Prolog
Sengketa hukum di Mahkamah Konstitusi (MK) salah satu persoalan yang paling dominan berpotensi menjadi permasalahan adalah perolehan suara yang diperoleh oleh para kontestan dalam pemilihan umum (Pemilu), baik untuk Pemilihan Kepala Daerah Tingkat Kabupaten, maupun Kepala Daerah Tingkat Propinsi dan juga untuk Pemilu Presiden.
Menurut UU MK yang berwenang untuk menetapkan rekapitulasi hasil penghitungan suara adalah Komisi Pemilihan Umum (KPU) yang dituangkan dalam bentuk Surat Keputusan ("SK").Â
SK KPU itulah yang secara hukum merupakan objek dalam perkara perselisihan pemilihan kepala daerah sebagaimana telah diatur dalam pasal 157 ayat (4) UU No.10/2016 serta pasal 4 huruf a Peraturan Mahkamah Konstitusi (PMK) Nomor 1 tahun 2017.
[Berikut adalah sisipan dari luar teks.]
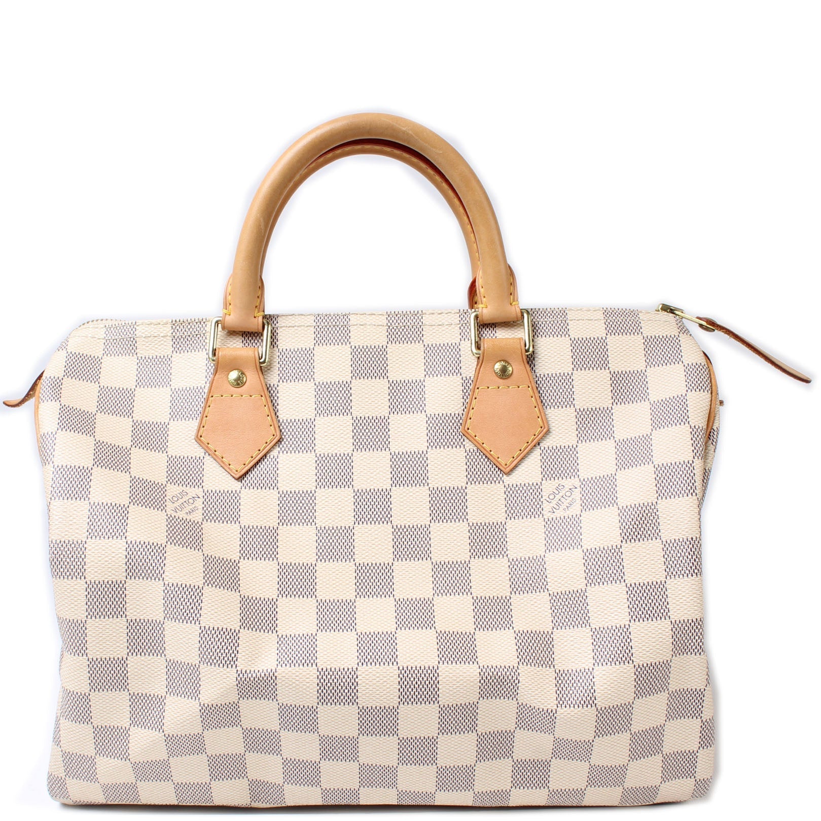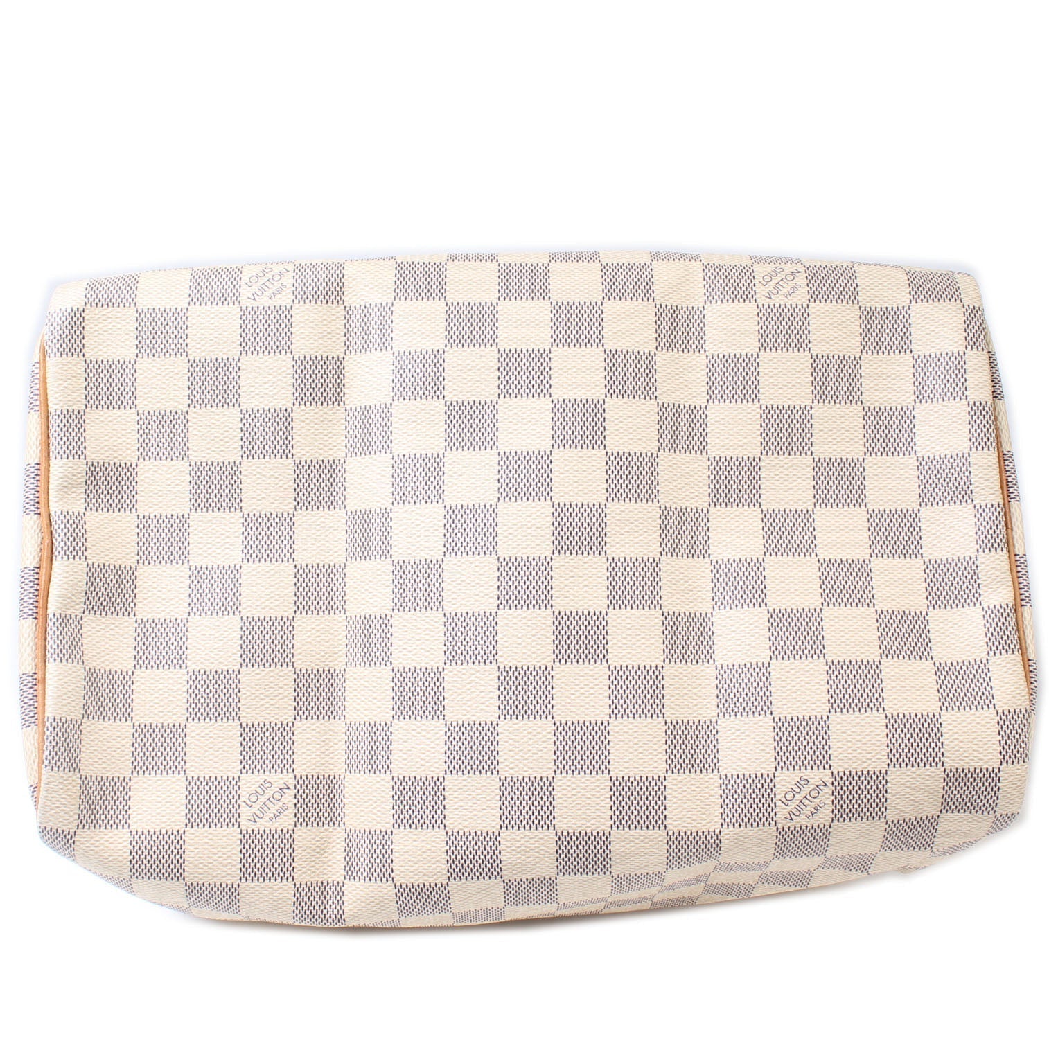 This Louis Vuitton Speedy 30 is guaranteed 100% . The exterior is in the classic Damier Azur coated canvas.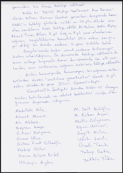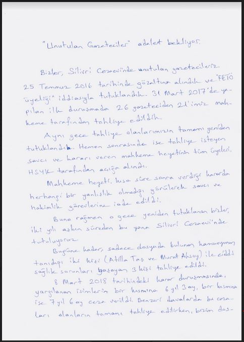 İstanbul Silivri Cezaevi’nde 2 yılı aşkındır haksız şekilde hapis yatan tutuklu gazeteciler bir mektup yazarak adalet talebinde bulundu. Halen cezaevinde yatan Abdullah Kılıç, Ahmet Memiş, Ali Akkuş, Bayram Kaya, Cemal Kalyoncu, Cuma Ulus, Gökçe Fırat Çulhaoğlu, Habip Güler, Hanım Büşra Erdal, Hüseyin Aydın, M. Sait Kuloğlu, M.Erkan Acar, Mutlu Çölgeçen, Oğuz Usluer, Seyit Kılıç, Ufuk Şanlı, Ünal Tanık, Yakup Çetin, Yetkin Yıldız ‘Unutulan Gazeteciler Adalet Bekliyor’ başlığıyla sosyal medya aracılığıyla bir mektup ve çağrı yayınladı.

Tafsir Hukum Penerapan Ambang Batas Selisih Perolehan Suara
Secara juridis formil dalam suatu pemeriksaan perkara PHP berlaku ketentuan ambang batas 2% sebagaimana telah diatur dalam Pasal 158 UU Nomor 10 Tahun 2016. Maksud pembuat UU dengan selisih 2% tersebut artinya selisih antara pihak yang menang dan pihak yang kalah dalam PEMILU selisihnya sedikit atau tipis hanya 2%.
Asumsinya atau logika hukumnya terdapat potensi pihak yang kalah tersebut dimungkinkan menang jika tidak ada faktor kecurangan.Atas dasar logika hukum itulah dalam sengketa ambang batas selisih perolehan suara MK berdasarkan bukti-bukti yang memadahi dapat memutuskan untuk memerintahkan KPU untuk dilakukan pemilihan suara ulang ("PSU").
Jika yang terjadi sebaliknya selisih perolehan sangat besar diatas 2% maka secara juridis formal Majelis Hakim MK akan memutuskan perkara tidak dapat diterima dengan alasan gugatan pemohon belum memenuhi sarat formil.Â
Apakah asas tentang ambang batas 2% yang bersifat formalistik tersebut dapat disimpangi atau dikesampingkan oleh HAKIM MK jika bertabrakan dengan nilai-nilai keadilan?
Menjawab pertanyaan  tersebut kita harus mempertimbangkan teorisasi hukum dalam kaitannya dengan keadilan dalam proses penegakan hukum baik berorientasi pada asas-asas hukum maupun pendapat para ahli.
Bagi Satjipto[1] hukum bukanlah suatu skema yang final (finite scheme), namun terus bergerak, berubah, mengikuti dinamika kehidupan manusia. Karena itu, hukum harus terus dibedah dan digali melalui upaya-upaya progresif untuk menggapai terang cahaya kebenaran dalam menggapai keadilan.